The IMT has spread to parts of Latin America, where it now has groups in Venezuela, Peru, Argentina, Mexico, Bolivia, Brazil, and El Salvador. At the end of 2002 it promoted the launching of the solidarity campaign Hands Off Venezuela, which is now active in 30 countries and has had resolutions passed within the trade union movements in Britain, Canada, Italy, and other countries. IMT activists also play an important role in the FRETECO (Front of Factories Under Workers' Control) movement in Brazil and Venezuela. They have been especially active in Venezuela, where their section used to support Hugo Chávez while promoting the ideas of Marx, Lenin, and Trotsky. In 2010, Ramon Muchacho, leader of the main Venezuelan opposition party Primero Justicia, claimed that Alan Woods of the IMT was the "principal ideological adviser and personal friend" of Chávez, a claim played down by Alan Woods.
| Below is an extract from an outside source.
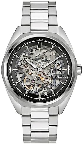 New to Bulova's Classic collection, this automatic watch features a sleek and sophisticated design, showcasing the brands attention to detail. From a stainless-steel case and bracelet with a push-button release, to its black full-exhibition dial and caseback, this timepiece is perfect for any occasion.

Once every two years, the IMT organizes its World Congress (WC) the last one having taken place in 2021. It convened online due to the 2019 global COVID-19 pandemic. The last in-person WC was held in 2018 in the Italian Alps and was attended by 370 Marxists from 25 countries. The function of the congress is to discuss the progress of IMT in the world, present reports, and plan future activities. Usually, on years without a WC, the IMT holds an International Marxist University (IMU, formerly World School) which consists in a series of presentations on Marxist theory, the history of the workers' movement, and the perspectives for the world socialist revolution. Again, due to the pandemic, the 2022 IMU was exceptionally held digitally.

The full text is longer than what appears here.